#### [Work task]
Transcribe the full listing without changing a word, and omit its pictures.

#### [Data shown]

++++++++++++++++++++

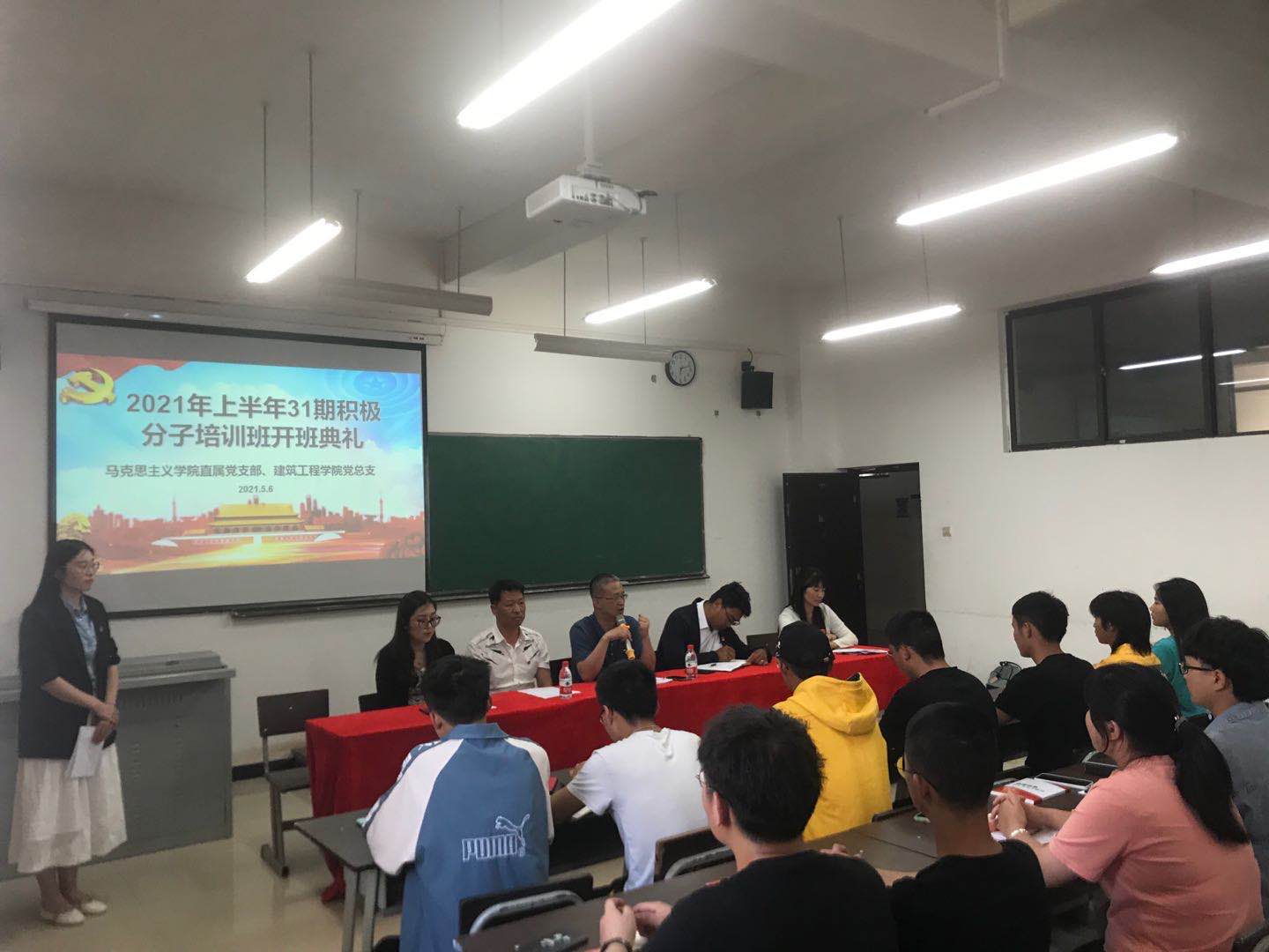 2021年5月6日下午6点,马克思主义学院直属党支部和建筑工程学院党总支在至善楼405教室举行2021年上半年第31期入党积极分子培训课开班典礼,到会的领导有马克思主义学院书记王之敬,副书记勾英,建筑工程学院总支副书记陈云鹏,第一学生支部书记赵应先、学生第二支部书记张玉珊,专职组织员王琳,学生党员代表和72名入党积极...
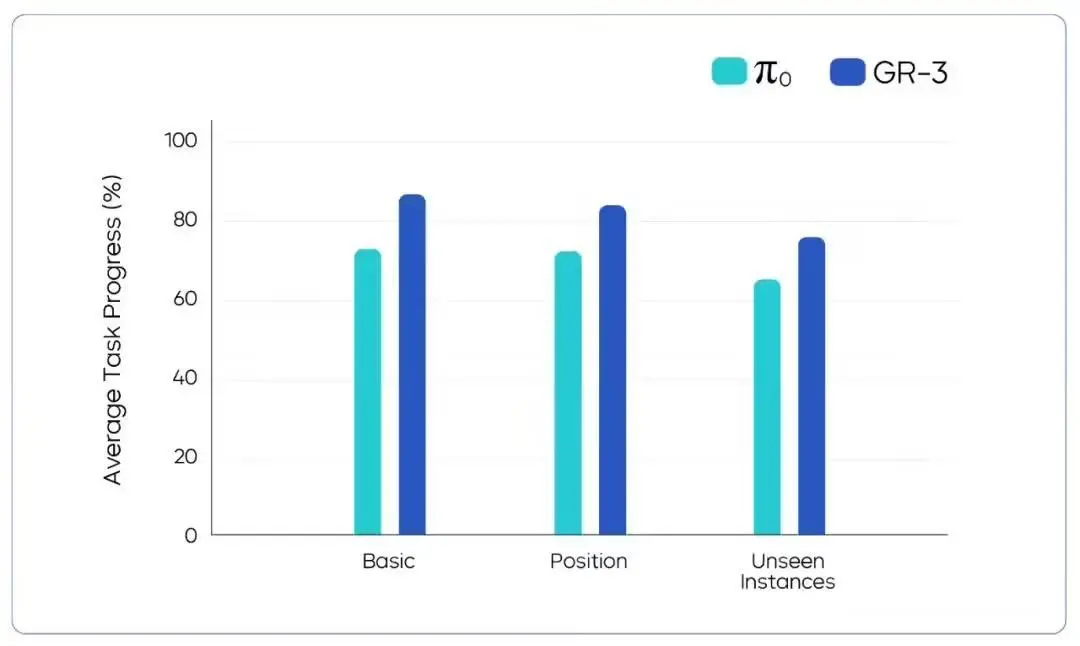 經過團隊上千次系統性實驗測試,GR-3 表現超過業界此前可測試具體性能的 VLA 頭部模型 π0。未來,團隊希望 GR-3 可以成為邁向通用機器人“大腦”的重要一步。
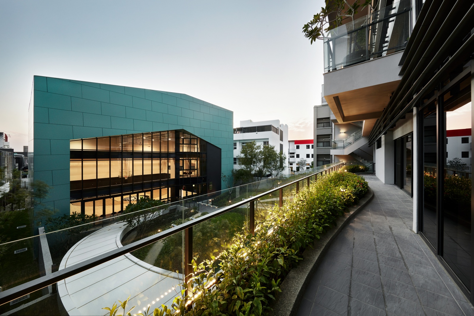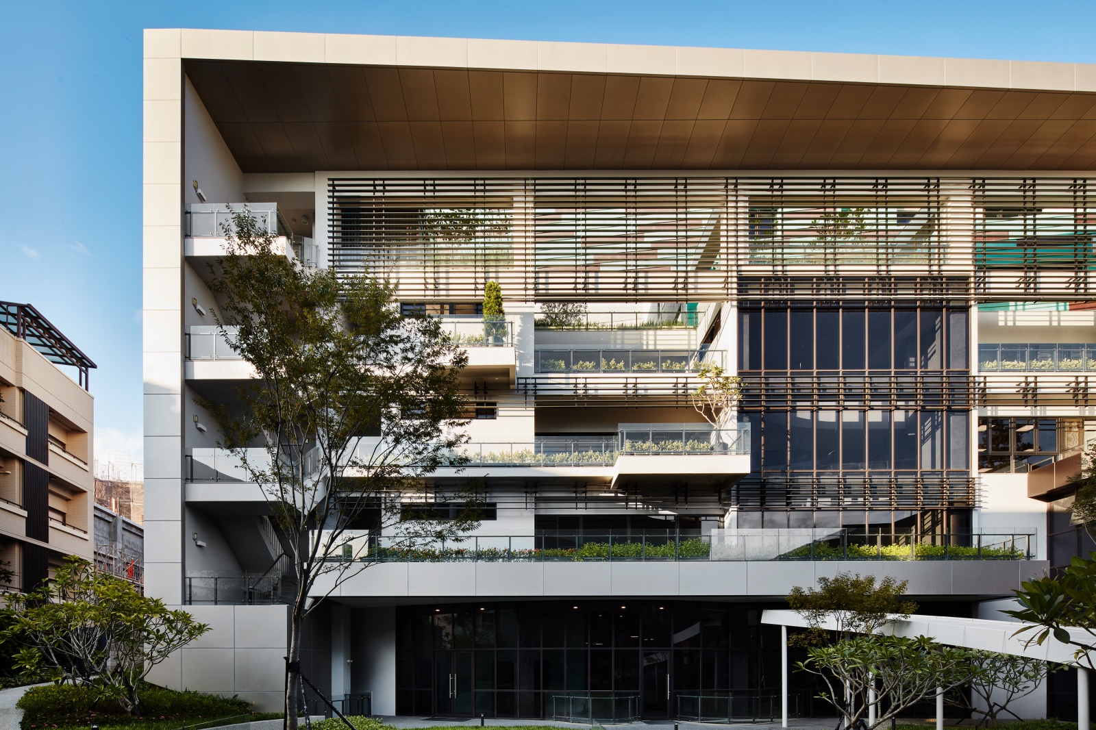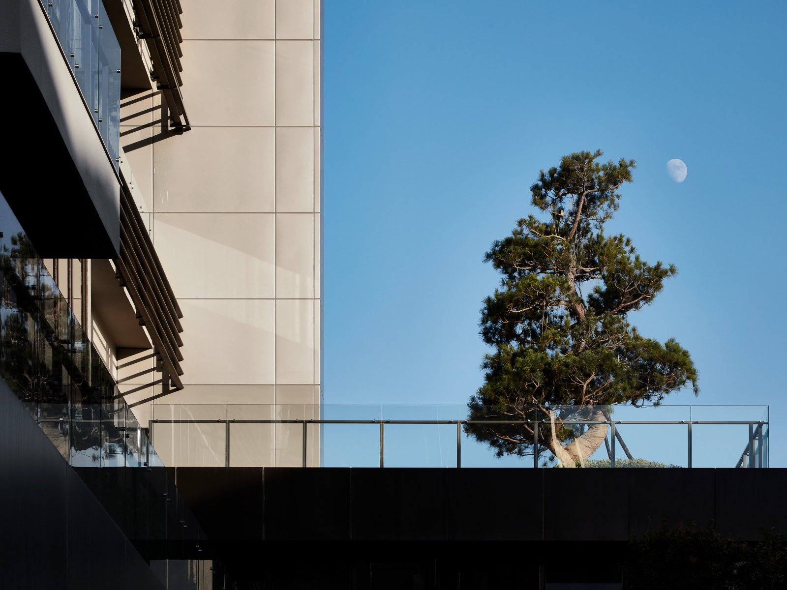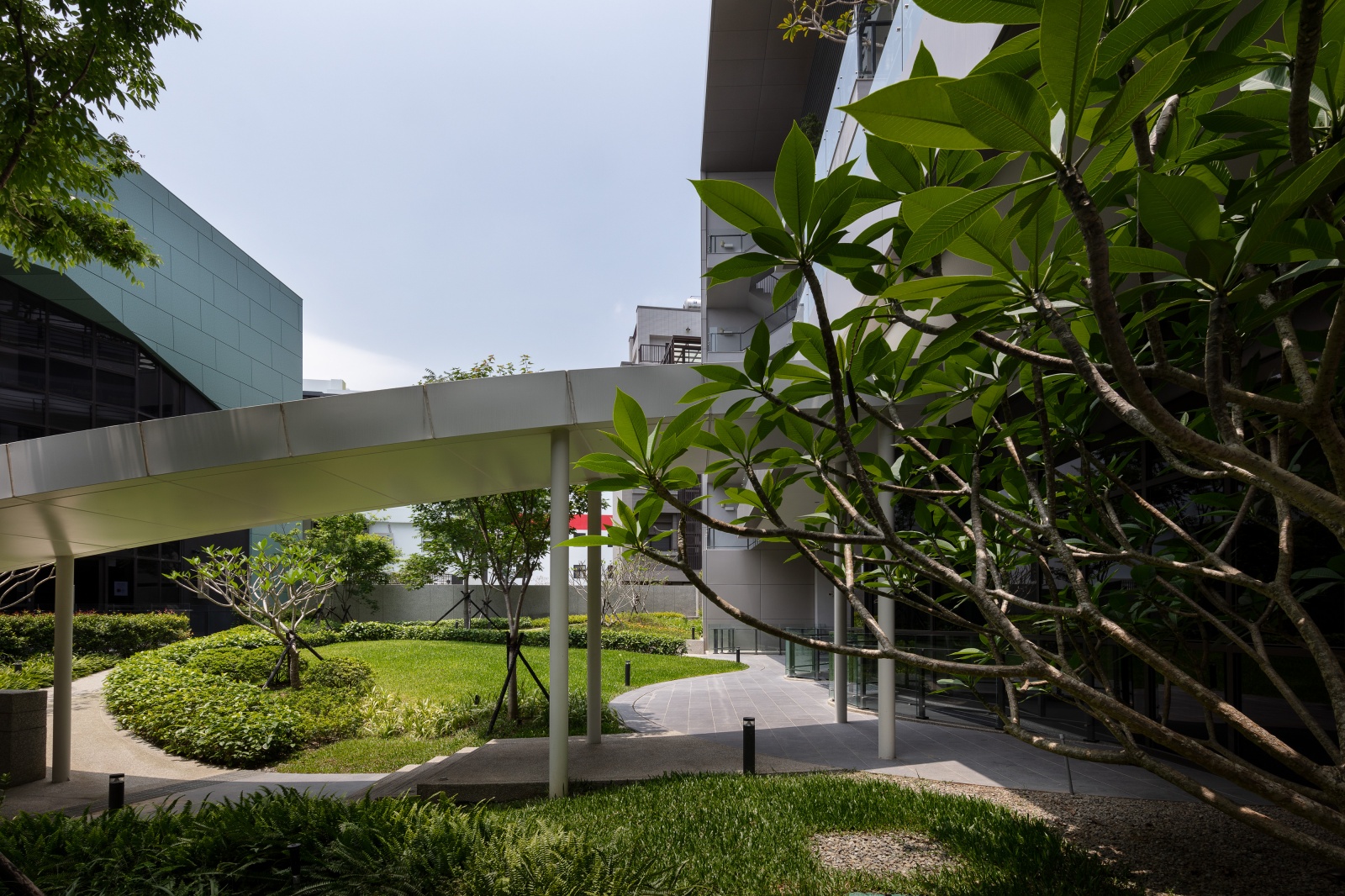 鑒於南、北兩棟建築基地存在地形高低差、量體大小有別的情形。為此,團隊將南棟建築的一樓規劃為半地下的空間形式,利用地形差異,將自然光和風引進兩棟建築之間,並產生回流。建築南向的立面,每層樓皆有留設露台以栽種綠樹,為員工們提供休憩的絕佳場所,讓繁忙的生活節奏獲得片刻喘息。在兩棟建築之間,團隊是採迴廊設計做連接,其形成的無限迴圈路線,象徵了優質企業生生不息的意象。其中,迴廊所圍塑的完整綠地與自然而然形成的順斜坡,既能予人享有沉浸式的綠意氛圍,還能提供流暢的行走動線。
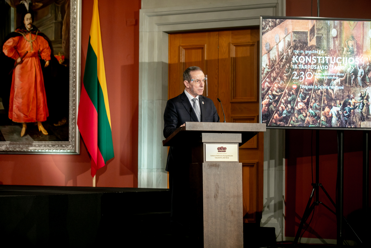 Kolejnym punktem wizyty w Wilnie był udział w dyskusji przy okrągłym stole, zorganizowanej w Pałacu Władców w związku z 230. rocznicą uchwalenia Konstytucji 3 maja oraz Zaręczenia Wzajemnego Obojga Narodów. Słowo wstępne wygłosili patroni dyskusji: Przewodnicząca Sejmu Republiki Litewskiej, Viktorija Čmilytė-Nielsen oraz profesor Tomasz Grodzki, Marszałek Senatu RP. Marszałek w swoim wystąpieniu zaznaczył:

++++++++++++++++++++

#### [Answer area]
 2021年5月6日下午6点,马克思主义学院直属党支部和建筑工程学院党总支在至善楼405教室举行2021年上半年第31期入党积极分子培训课开班典礼,到会的领导有马克思主义学院书记王之敬,副书记勾英,建筑工程学院总支副书记陈云鹏,第一学生支部书记赵应先、学生第二支部书记张玉珊,专职组织员王琳,学生党员代表和72名入党积极...
 經過團隊上千次系統性實驗測試,GR-3 表現超過業界此前可測試具體性能的 VLA 頭部模型 π0。未來,團隊希望 GR-3 可以成為邁向通用機器人“大腦”的重要一步。
 鑒於南、北兩棟建築基地存在地形高低差、量體大小有別的情形。為此,團隊將南棟建築的一樓規劃為半地下的空間形式,利用地形差異,將自然光和風引進兩棟建築之間,並產生回流。建築南向的立面,每層樓皆有留設露台以栽種綠樹,為員工們提供休憩的絕佳場所,讓繁忙的生活節奏獲得片刻喘息。在兩棟建築之間,團隊是採迴廊設計做連接,其形成的無限迴圈路線,象徵了優質企業生生不息的意象。其中,迴廊所圍塑的完整綠地與自然而然形成的順斜坡,既能予人享有沉浸式的綠意氛圍,還能提供流暢的行走動線。
 Kolejnym punktem wizyty w Wilnie był udział w dyskusji przy okrągłym stole, zorganizowanej w Pałacu Władców w związku z 230. rocznicą uchwalenia Konstytucji 3 maja oraz Zaręczenia Wzajemnego Obojga Narodów. Słowo wstępne wygłosili patroni dyskusji: Przewodnicząca Sejmu Republiki Litewskiej, Viktorija Čmilytė-Nielsen oraz profesor Tomasz Grodzki, Marszałek Senatu RP. Marszałek w swoim wystąpieniu zaznaczył:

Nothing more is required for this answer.